*** Given material ***

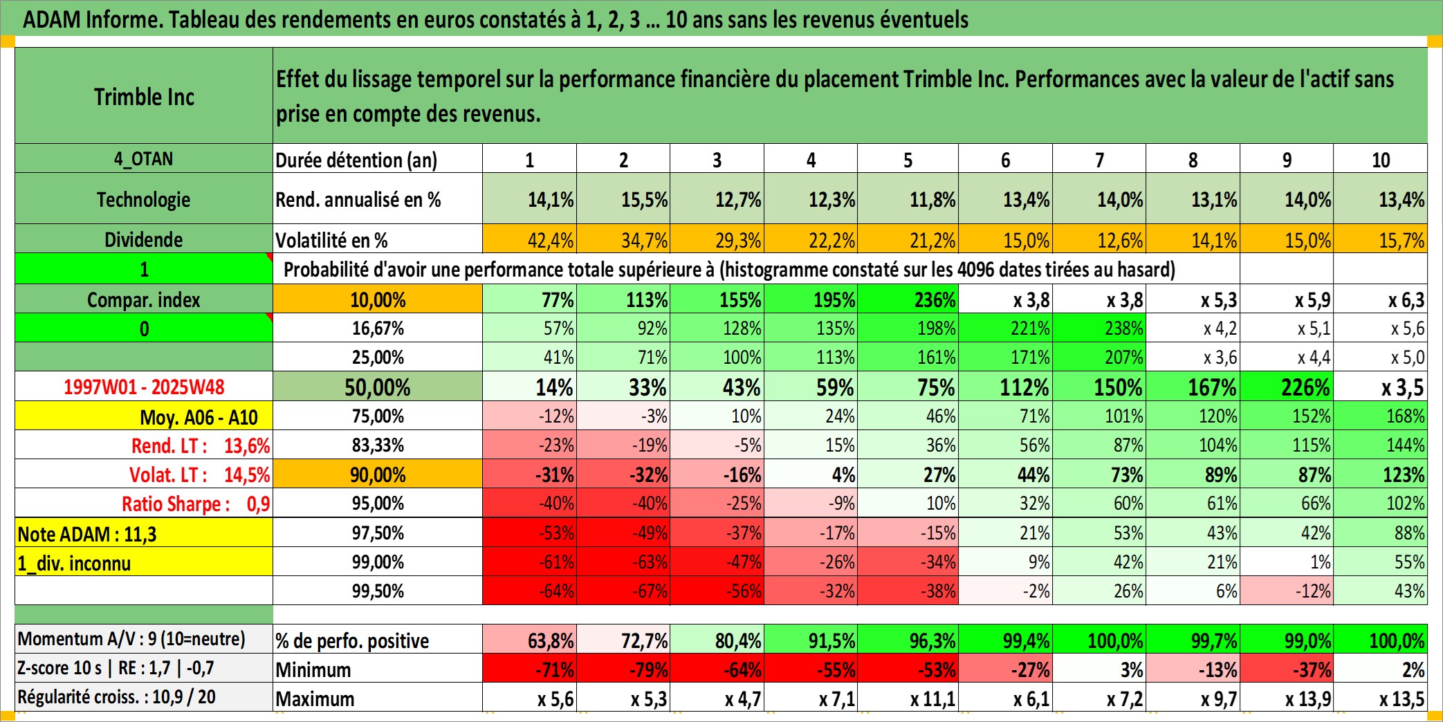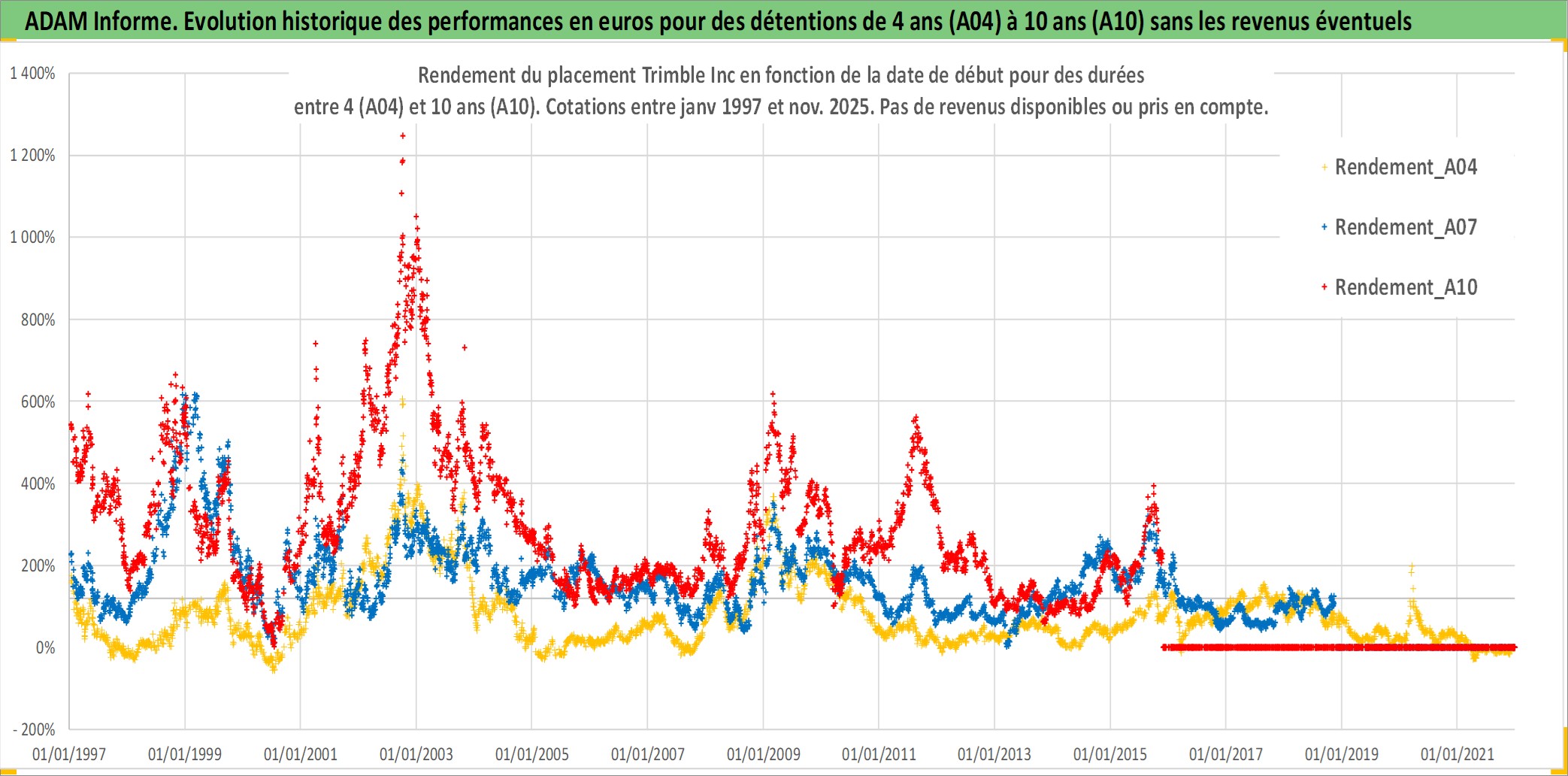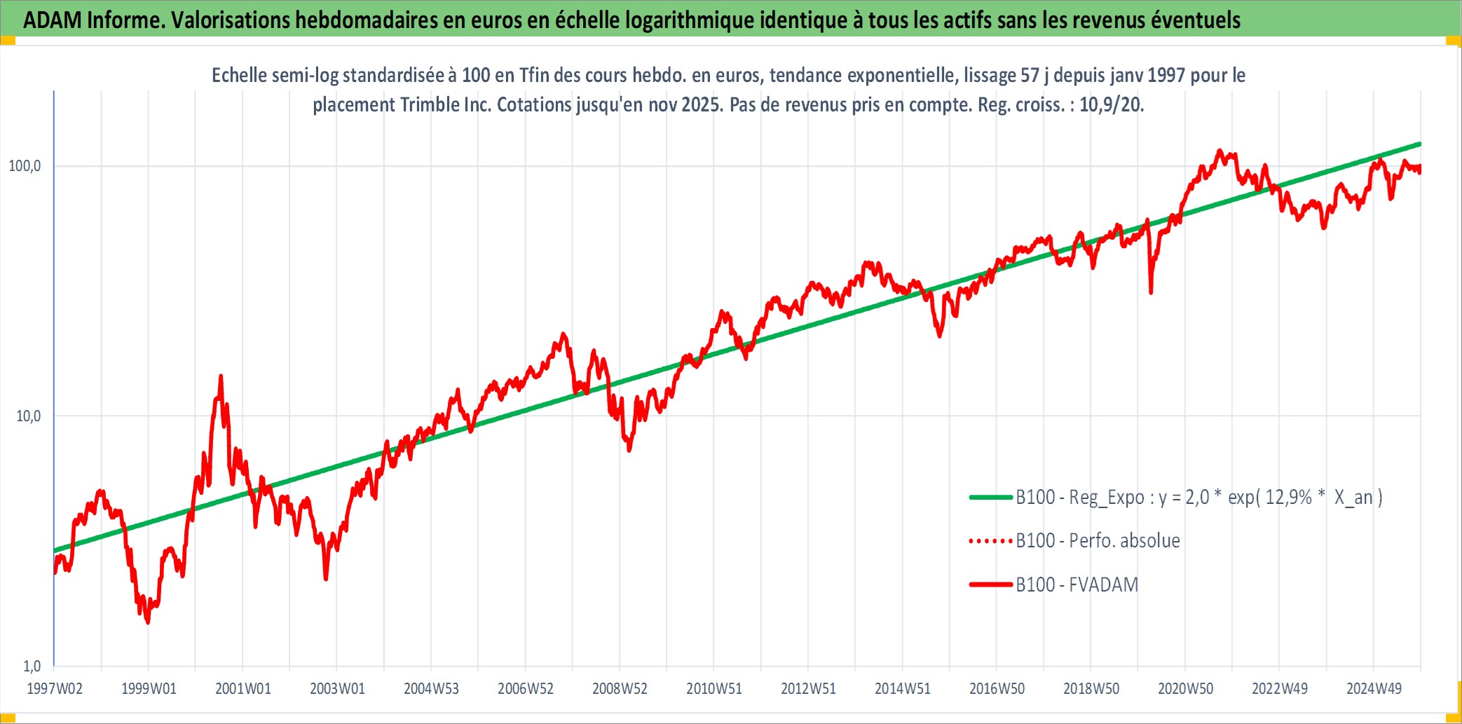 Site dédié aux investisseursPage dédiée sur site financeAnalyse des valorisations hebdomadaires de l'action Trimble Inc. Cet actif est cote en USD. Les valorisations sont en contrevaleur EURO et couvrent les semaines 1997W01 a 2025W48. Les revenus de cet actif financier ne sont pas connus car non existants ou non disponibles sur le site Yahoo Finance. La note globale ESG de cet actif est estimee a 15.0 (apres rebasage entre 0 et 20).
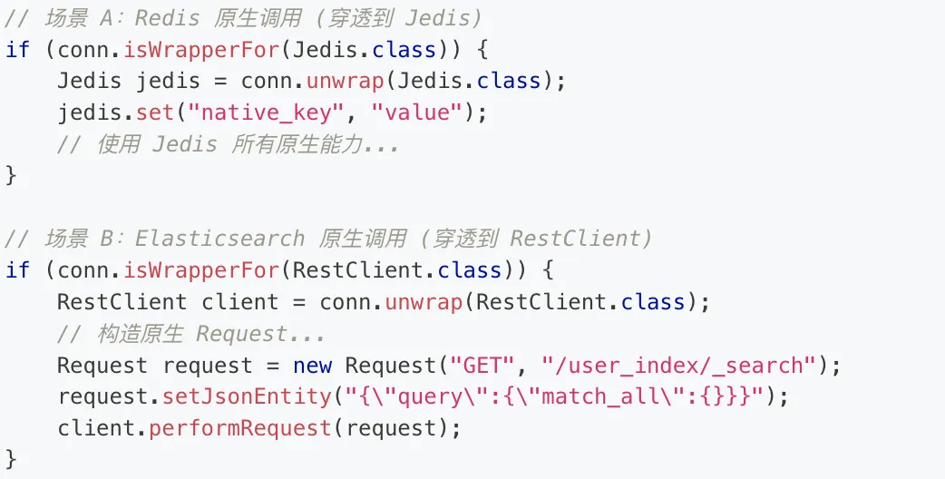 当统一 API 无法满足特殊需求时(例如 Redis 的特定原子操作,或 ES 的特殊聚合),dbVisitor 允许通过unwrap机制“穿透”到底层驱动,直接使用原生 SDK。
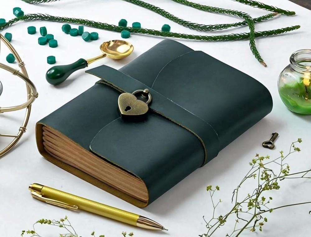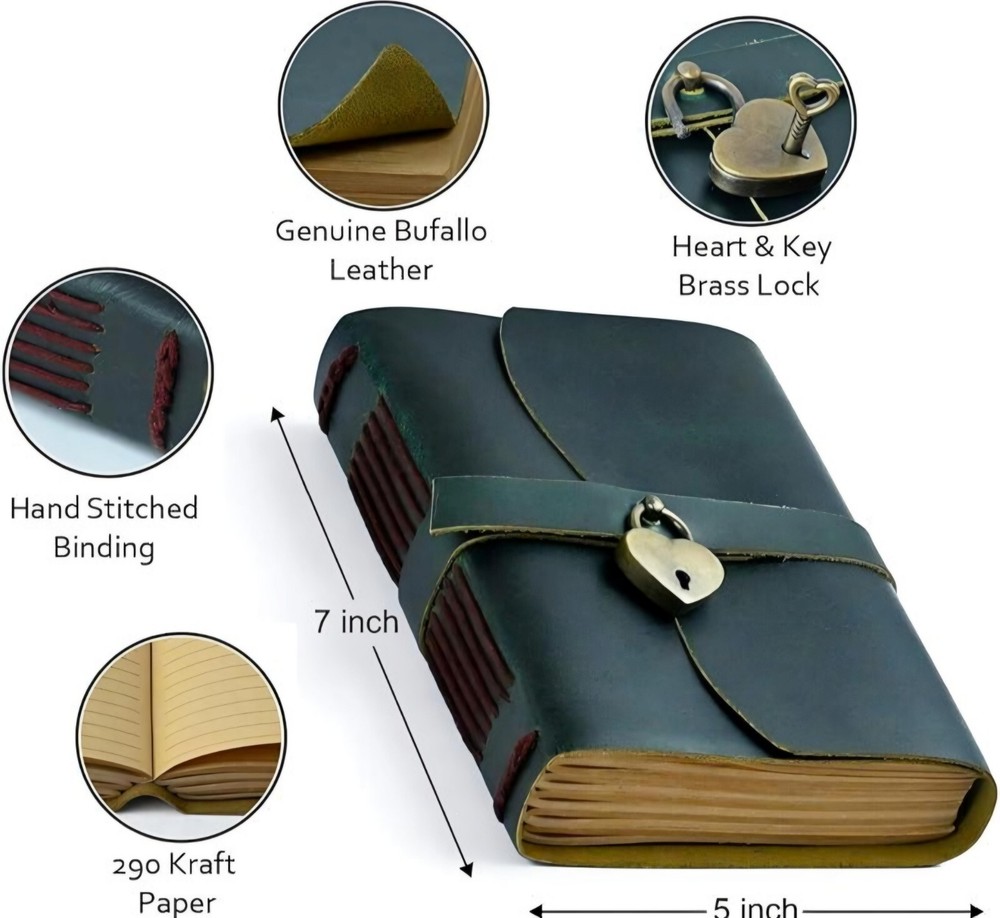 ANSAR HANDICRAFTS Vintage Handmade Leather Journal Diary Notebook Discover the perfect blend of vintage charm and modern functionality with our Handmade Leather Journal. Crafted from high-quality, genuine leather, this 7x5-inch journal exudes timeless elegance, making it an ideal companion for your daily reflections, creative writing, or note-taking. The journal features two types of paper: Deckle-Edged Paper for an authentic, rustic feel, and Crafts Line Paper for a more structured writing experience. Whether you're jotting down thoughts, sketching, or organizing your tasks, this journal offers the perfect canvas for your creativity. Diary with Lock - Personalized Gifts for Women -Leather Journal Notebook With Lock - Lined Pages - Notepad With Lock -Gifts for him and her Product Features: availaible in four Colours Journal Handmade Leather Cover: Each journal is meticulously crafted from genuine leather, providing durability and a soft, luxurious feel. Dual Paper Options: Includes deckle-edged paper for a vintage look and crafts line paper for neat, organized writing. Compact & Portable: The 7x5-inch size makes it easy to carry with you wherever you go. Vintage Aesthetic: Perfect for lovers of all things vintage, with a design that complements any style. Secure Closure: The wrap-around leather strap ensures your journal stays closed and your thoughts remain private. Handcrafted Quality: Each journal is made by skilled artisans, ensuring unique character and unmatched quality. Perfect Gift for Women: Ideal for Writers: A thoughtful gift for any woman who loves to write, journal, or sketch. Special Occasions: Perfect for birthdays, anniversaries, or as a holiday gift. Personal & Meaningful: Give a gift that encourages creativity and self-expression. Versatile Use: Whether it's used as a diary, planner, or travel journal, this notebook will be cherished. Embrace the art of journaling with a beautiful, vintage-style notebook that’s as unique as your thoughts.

*** End of Given material ***

What you have to do -> Your reply should contain only an exact copy of the lines from the beginning of the material through the line with "当统一 API 无法满足特殊需求时(例如", both ends included, with the pictures removed.

Exercise answer ->
 Site dédié aux investisseursPage dédiée sur site financeAnalyse des valorisations hebdomadaires de l'action Trimble Inc. Cet actif est cote en USD. Les valorisations sont en contrevaleur EURO et couvrent les semaines 1997W01 a 2025W48. Les revenus de cet actif financier ne sont pas connus car non existants ou non disponibles sur le site Yahoo Finance. La note globale ESG de cet actif est estimee a 15.0 (apres rebasage entre 0 et 20).
 当统一 API 无法满足特殊需求时(例如 Redis 的特定原子操作,或 ES 的特殊聚合),dbVisitor 允许通过unwrap机制“穿透”到底层驱动,直接使用原生 SDK。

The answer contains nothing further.